Нет отдельной культуры Запада и отдельной культуры Востока, есть одна общечеловеческая культура, и на стыке Европы и Азии стоит Россия с ее великой объединяющей миссией. Роль русских во взаимопроникновении культур будет по достоинству оценена в будущем, и наша задача помочь в верной оценке этой роли».

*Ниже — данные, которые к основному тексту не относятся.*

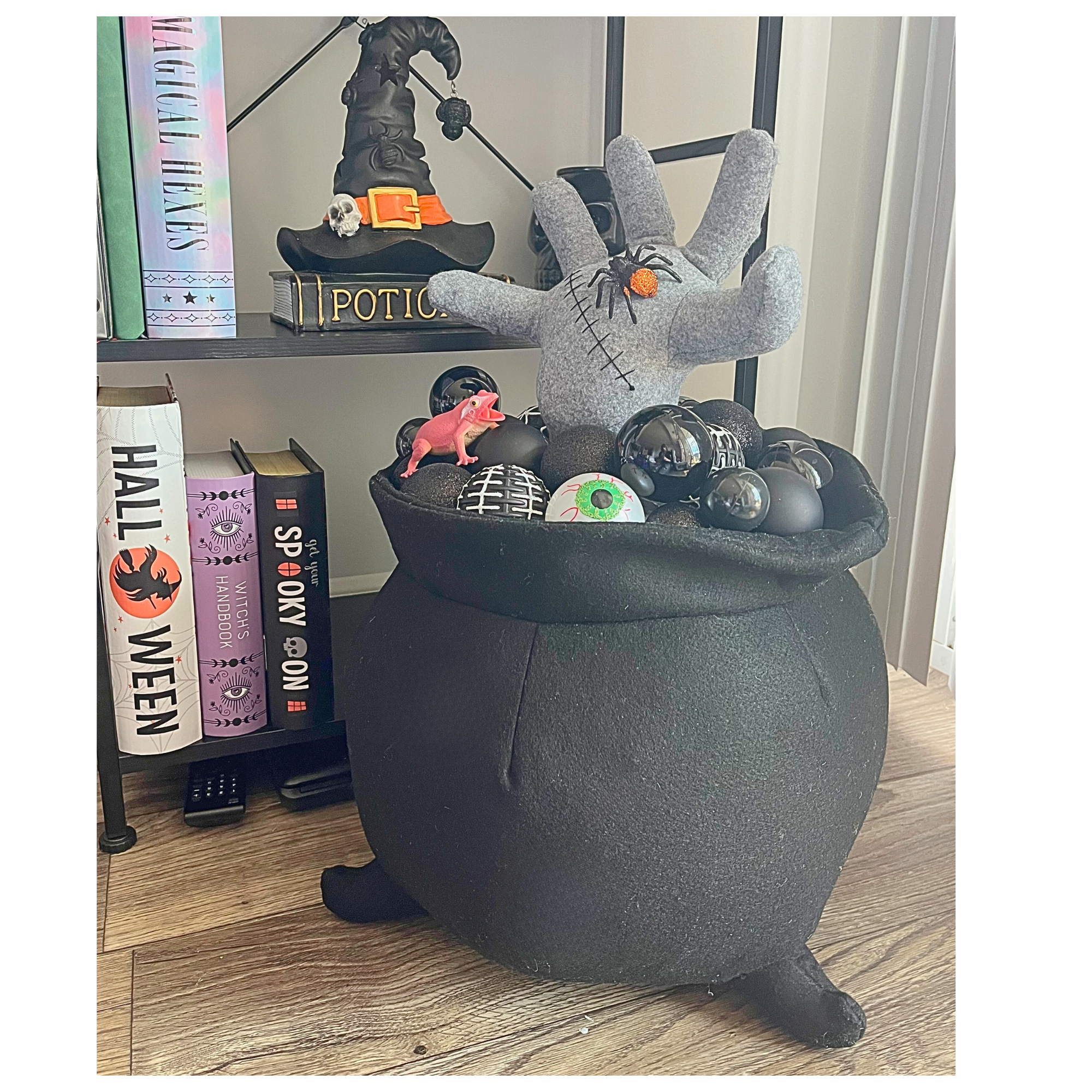 Add a witch hat resting at the base for an extra Halloween touch

«Так-то оно так, — вздохнул Вяткин. — Но вот на конвертах я вижу какие-то пометки красным карандашом. Их явно вскрывали. Тут чувствуется рука статского советника Болеслава Владиславовича Закржевского. Ведь почта состоит в одном ведомстве с жандармами, в Министерстве внутренних дел.
Но руки теперь у него развязаны, он может действовать. Спасибо чудаку Бартольду! Мир держится на чудаках.
Наконец-то он мог обнародовать свое открытие и не прятаться с ним от добрых людей. Не теряя времени, Вяткин написал предварительное сообщение в «Туркестанские ведомости», в «Известия Комитета для изучения Средней и Восточной Азии», в Русское астрономическое общество в Петербург, а также в местное Хозяйственное управление.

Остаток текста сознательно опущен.